→ **Assigned task**
Below are the entries to work from; restate word for word the portion that opens with the line containing "CONVENIENT TO CLEAN" and closes with the line containing "Stella Trading Bonanza-Mobile", keeping both.

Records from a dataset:
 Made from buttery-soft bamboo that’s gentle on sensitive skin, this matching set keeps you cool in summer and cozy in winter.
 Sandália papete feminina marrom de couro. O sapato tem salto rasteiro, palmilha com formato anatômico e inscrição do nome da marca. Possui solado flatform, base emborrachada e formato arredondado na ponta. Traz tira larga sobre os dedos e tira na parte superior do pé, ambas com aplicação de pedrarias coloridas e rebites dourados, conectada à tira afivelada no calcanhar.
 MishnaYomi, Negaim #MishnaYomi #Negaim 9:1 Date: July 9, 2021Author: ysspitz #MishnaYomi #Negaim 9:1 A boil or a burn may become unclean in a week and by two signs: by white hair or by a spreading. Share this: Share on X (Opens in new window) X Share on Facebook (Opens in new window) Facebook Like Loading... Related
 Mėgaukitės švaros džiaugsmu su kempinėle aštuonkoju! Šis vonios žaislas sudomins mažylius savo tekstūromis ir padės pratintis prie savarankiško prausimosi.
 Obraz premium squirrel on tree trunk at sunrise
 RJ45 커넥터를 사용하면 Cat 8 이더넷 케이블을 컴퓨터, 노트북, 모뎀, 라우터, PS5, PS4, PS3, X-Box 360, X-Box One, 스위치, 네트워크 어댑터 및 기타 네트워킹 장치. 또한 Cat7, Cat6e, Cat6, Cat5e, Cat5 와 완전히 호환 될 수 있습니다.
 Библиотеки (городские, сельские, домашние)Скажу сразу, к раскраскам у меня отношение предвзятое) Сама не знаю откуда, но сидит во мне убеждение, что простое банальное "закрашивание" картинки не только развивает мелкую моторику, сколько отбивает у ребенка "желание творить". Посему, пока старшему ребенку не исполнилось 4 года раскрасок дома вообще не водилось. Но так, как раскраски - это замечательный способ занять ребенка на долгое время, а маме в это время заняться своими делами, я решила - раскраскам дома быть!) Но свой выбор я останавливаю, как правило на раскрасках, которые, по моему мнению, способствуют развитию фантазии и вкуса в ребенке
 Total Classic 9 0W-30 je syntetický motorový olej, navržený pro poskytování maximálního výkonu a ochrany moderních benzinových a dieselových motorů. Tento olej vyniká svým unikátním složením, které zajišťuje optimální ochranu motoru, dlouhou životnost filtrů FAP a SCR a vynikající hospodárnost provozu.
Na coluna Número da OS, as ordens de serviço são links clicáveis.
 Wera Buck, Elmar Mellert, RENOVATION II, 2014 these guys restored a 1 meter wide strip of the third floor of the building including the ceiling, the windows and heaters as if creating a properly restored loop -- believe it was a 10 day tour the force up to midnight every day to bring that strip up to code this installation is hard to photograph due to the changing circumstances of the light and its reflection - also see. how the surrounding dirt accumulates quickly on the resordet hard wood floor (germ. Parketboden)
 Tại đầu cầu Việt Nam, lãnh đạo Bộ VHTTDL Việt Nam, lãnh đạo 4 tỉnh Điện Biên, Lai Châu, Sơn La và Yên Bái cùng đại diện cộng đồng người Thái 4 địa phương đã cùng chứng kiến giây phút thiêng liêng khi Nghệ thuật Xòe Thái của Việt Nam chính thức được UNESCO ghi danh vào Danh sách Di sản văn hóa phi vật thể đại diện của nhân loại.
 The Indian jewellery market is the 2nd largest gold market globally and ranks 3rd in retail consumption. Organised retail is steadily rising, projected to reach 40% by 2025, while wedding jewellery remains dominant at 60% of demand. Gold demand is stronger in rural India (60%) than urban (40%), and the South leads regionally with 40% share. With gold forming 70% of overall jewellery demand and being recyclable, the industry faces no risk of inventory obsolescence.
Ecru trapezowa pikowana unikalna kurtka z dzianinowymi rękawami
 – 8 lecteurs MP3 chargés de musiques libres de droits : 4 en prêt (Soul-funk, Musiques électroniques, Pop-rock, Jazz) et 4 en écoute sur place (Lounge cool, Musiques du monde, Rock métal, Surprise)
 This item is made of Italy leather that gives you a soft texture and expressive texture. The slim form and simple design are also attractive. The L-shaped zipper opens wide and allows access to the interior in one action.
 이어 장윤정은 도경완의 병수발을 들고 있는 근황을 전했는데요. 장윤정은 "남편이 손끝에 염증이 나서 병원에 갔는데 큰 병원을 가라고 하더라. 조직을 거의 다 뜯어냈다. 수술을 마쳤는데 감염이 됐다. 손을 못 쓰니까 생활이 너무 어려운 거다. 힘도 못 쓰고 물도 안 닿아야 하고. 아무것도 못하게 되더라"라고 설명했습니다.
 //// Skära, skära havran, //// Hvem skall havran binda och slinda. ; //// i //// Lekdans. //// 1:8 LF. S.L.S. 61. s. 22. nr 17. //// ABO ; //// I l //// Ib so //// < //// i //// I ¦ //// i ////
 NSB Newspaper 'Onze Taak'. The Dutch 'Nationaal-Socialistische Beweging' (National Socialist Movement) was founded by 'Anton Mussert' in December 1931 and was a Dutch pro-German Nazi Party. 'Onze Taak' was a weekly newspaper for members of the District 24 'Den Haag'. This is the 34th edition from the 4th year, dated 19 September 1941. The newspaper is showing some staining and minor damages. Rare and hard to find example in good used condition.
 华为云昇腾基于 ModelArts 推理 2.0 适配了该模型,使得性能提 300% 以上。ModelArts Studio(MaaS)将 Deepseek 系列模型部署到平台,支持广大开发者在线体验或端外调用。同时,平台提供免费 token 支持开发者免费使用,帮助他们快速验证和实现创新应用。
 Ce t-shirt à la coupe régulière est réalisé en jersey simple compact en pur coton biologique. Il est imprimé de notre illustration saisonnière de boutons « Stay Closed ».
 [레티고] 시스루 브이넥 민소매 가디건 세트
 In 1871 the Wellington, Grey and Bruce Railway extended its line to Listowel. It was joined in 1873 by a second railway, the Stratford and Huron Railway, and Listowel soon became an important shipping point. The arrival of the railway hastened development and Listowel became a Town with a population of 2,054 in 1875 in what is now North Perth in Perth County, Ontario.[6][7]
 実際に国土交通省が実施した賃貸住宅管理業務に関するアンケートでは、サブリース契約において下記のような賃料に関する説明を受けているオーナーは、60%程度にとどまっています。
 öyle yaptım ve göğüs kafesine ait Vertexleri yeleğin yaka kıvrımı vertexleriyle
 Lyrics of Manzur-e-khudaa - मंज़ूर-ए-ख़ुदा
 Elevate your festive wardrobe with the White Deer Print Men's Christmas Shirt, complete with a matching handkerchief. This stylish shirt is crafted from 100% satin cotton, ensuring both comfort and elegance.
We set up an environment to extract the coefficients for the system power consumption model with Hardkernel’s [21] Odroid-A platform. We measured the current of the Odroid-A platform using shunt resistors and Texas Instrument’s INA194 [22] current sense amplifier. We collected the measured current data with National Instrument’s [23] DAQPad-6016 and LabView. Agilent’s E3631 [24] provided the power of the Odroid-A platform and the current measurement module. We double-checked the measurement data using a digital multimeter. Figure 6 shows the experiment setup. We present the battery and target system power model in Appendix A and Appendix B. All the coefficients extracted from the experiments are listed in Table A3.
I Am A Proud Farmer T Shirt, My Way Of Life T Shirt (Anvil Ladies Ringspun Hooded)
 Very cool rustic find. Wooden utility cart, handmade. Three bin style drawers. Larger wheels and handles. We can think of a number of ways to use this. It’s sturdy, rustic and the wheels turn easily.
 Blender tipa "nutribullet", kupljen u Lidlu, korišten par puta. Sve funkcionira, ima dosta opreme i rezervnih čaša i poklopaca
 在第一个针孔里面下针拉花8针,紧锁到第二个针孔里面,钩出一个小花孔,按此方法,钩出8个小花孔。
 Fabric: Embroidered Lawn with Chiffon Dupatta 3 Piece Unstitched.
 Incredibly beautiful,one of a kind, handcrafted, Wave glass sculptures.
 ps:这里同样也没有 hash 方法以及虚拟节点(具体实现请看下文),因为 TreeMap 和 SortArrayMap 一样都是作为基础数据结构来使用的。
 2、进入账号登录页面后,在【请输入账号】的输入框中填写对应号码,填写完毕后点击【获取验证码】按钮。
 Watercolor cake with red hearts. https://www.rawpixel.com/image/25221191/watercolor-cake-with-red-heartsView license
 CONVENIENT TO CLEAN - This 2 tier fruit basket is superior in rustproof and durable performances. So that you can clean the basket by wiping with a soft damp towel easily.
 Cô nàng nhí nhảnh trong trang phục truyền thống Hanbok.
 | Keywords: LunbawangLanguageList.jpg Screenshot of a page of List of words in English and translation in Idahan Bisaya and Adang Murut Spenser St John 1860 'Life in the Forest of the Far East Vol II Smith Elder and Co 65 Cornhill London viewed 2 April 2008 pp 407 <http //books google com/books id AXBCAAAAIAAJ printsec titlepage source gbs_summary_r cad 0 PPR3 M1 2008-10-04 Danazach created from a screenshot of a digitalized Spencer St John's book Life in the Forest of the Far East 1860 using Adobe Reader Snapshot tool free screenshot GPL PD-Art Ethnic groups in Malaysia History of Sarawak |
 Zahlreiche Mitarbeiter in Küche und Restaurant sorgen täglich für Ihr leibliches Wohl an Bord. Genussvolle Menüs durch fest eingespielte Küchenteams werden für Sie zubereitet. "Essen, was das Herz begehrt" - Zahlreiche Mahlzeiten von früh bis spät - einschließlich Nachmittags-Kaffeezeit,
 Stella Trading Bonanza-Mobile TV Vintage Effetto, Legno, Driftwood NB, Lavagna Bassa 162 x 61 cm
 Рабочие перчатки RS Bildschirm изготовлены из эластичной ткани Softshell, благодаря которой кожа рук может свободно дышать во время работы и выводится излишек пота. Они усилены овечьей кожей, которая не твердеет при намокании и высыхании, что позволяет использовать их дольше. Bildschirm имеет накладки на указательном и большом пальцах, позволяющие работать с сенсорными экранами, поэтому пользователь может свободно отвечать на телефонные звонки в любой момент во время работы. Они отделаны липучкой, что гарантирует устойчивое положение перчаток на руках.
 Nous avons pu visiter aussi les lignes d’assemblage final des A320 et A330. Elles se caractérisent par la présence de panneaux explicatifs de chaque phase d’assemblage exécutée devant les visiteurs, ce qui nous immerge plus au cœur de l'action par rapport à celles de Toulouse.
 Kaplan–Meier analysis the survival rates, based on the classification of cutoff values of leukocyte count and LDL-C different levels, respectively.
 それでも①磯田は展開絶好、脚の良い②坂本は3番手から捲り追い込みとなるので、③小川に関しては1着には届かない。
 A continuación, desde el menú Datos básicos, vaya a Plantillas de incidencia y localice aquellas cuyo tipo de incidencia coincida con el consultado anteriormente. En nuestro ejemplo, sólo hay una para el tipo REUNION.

→ **Task answer**
 CONVENIENT TO CLEAN - This 2 tier fruit basket is superior in rustproof and durable performances. So that you can clean the basket by wiping with a soft damp towel easily.
 Cô nàng nhí nhảnh trong trang phục truyền thống Hanbok.
 | Keywords: LunbawangLanguageList.jpg Screenshot of a page of List of words in English and translation in Idahan Bisaya and Adang Murut Spenser St John 1860 'Life in the Forest of the Far East Vol II Smith Elder and Co 65 Cornhill London viewed 2 April 2008 pp 407 <http //books google com/books id AXBCAAAAIAAJ printsec titlepage source gbs_summary_r cad 0 PPR3 M1 2008-10-04 Danazach created from a screenshot of a digitalized Spencer St John's book Life in the Forest of the Far East 1860 using Adobe Reader Snapshot tool free screenshot GPL PD-Art Ethnic groups in Malaysia History of Sarawak |
 Zahlreiche Mitarbeiter in Küche und Restaurant sorgen täglich für Ihr leibliches Wohl an Bord. Genussvolle Menüs durch fest eingespielte Küchenteams werden für Sie zubereitet. "Essen, was das Herz begehrt" - Zahlreiche Mahlzeiten von früh bis spät - einschließlich Nachmittags-Kaffeezeit,
 Stella Trading Bonanza-Mobile TV Vintage Effetto, Legno, Driftwood NB, Lavagna Bassa 162 x 61 cm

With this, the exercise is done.